Please repeat exactly the lines from the one containing "L'espace labellisé Accueil Vélo vous" through the last line of the records below, leaving out any pictures.

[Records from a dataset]

[Start of Attachment]

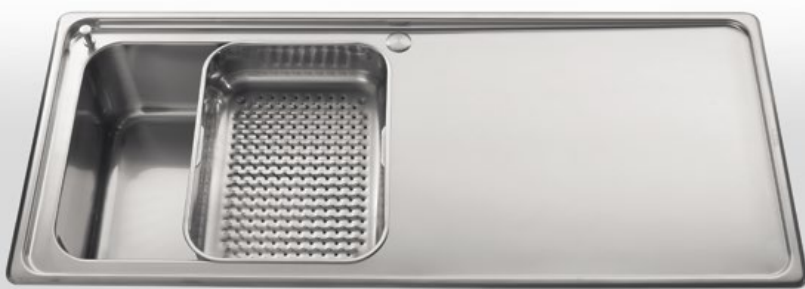
BF10 Bacinelle inox con fondo forato. Profondità cm 41 - Larghezza cm 31 - Altezza cm 10 BF10 Stainless steel basins with holey bottom. Depth 41 cm - Width 31 cm - Height 10 cm
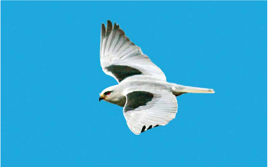
90 Grijsze Wouw / Black-winged Kite Elanus caeruleus , eerstejaars, Polderweg, Wieringen, Noord-Holland, 11 november 2018 (Fred Visscher)

onvolwassen Grauwe Franjepoot P lobatus van 17 tot 22 november in Waal en Burg op Texel. Deze periode was niet goed voor zeetrek. Dat bleek ook uit het lage aantal van acht Rosse Franjepoten langs telposten, een soort die normaliter in november-december piekt. In de afgelopen 10 jaar was alleen 2009 slechter (met twee). Topjaar was 2011 met 81 in deze twee maanden. Vermeldenswaard is een exemplaar op 4 en 5 december nabij Aerdt, Gelderland, vlakbij de grens met Duitsland. De eerstejaars Steppevorkstaartplevier Glareola nordmanni die zich van 21 oktober tot 7 november ophield bij Batenburg, Gelderland, werd op 18 november teruggevonden bij Lith, Noord-Brabant, waar hij tot 30 november bleef.
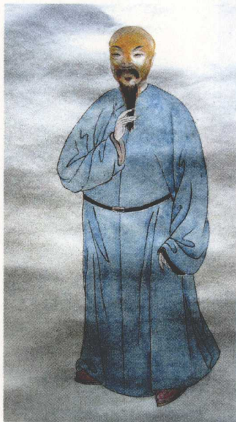
林则徐画像

极严，对草率所致质量低劣的工程负有责任的督工严加训斥，就地革职，并限令戴罪立功，返工重来。清代河工向以秸料为主，而秸料本身容易腐烂，需年年拆旧换新，耗资巨大。林则徐亲自考察抛石后的实效，得出了“碎石之于河工有益”的结论，大力推广抛石新技术。这是晚清河防工程的一大进步。林则徐认为只有兴修水利，才能提高抗灾能力，保证早涝有资。他在江苏巡抚任内大办水利的功绩曾受到人们的一致称赞。
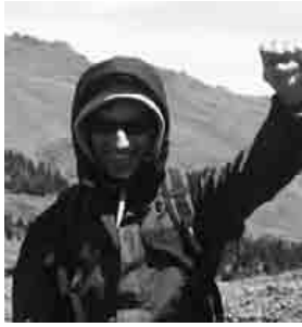
Adurrek urriaren 30ean urteak betetzen ditu. Zorionak Elorriko eta Bergarako familia osoaren partez!! Zurekin gauz! besarkada eta muxu erraldoi pillak!!! animo!!
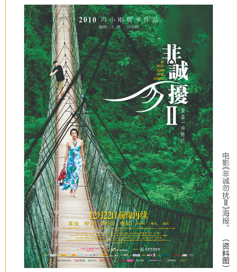
电影《非诚勿扰II》海报。(资料图)
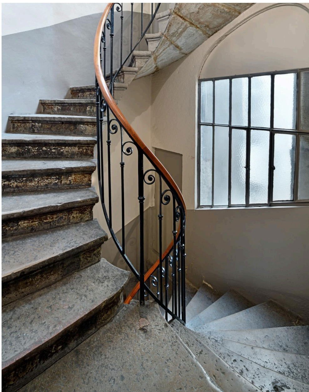
L'escalier : une volée
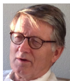
BISKOP EM. FINN WAGLE
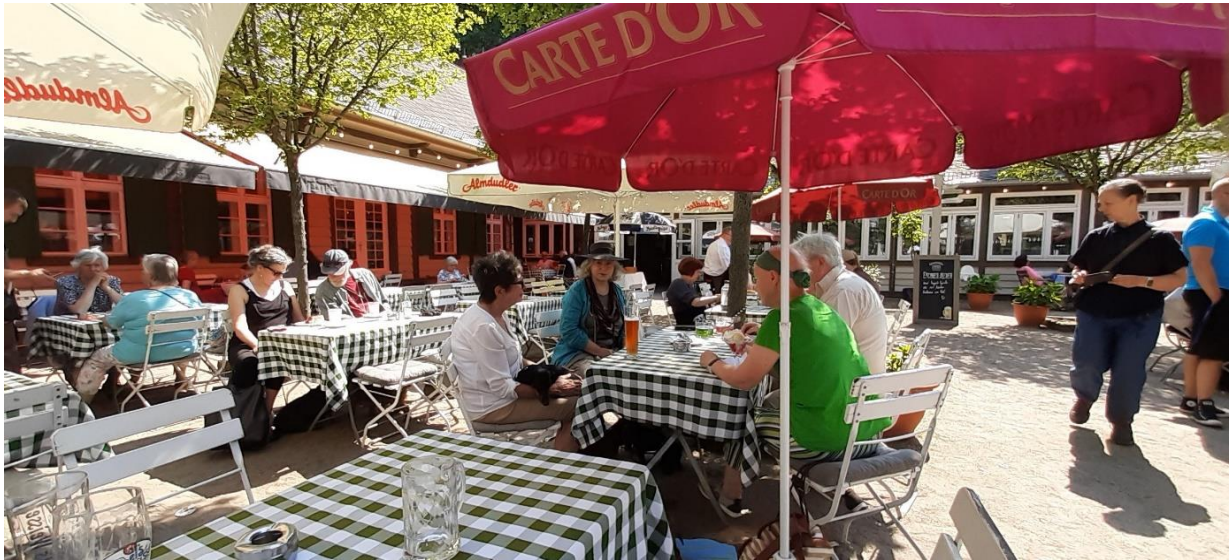
Ein rundum gemütlicher Dackel-Samstagnachmittag-Ausflug mit Freunden.
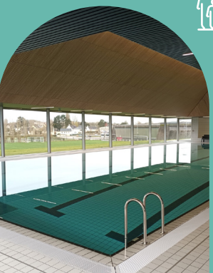
◆ Espace aqualudique Acorus

L'espace labellisé Accueil Vélo vous propose différentes activités pour vous détendre, vous amuser et de nager ! Vous y trouverez un bassin sportif avec 4 couloirs, une pataugeoire avec ses jeux et d'un bassin ludique avec des jets, une plaque à bulle et une cascade pour se détendre. L'espace labellisé Accueil Vélo, propose différentes activités.
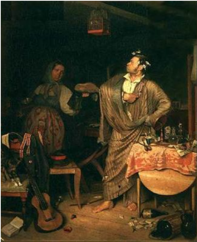
П.А. Федотов. «Свежий кавалер»
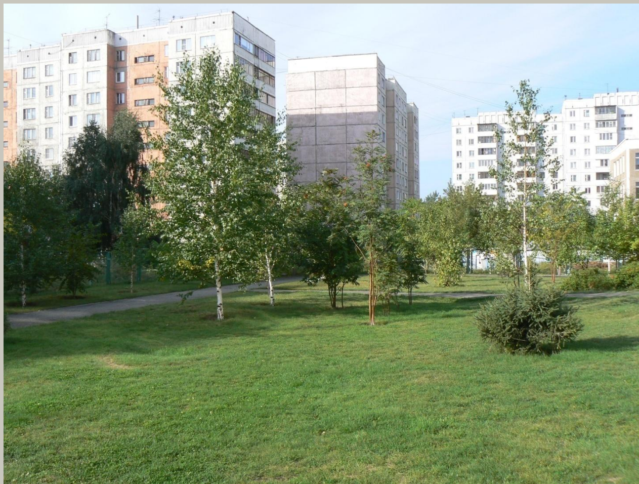
Береза повислая (бородавчатая)

[End of Attachment]

--- EXPECTED ANSWER ---
L'espace labellisé Accueil Vélo vous propose différentes activités pour vous détendre, vous amuser et de nager ! Vous y trouverez un bassin sportif avec 4 couloirs, une pataugeoire avec ses jeux et d'un bassin ludique avec des jets, une plaque à bulle et une cascade pour se détendre. L'espace labellisé Accueil Vélo, propose différentes activités.
П.А. Федотов. «Свежий кавалер»
Береза повислая (бородавчатая)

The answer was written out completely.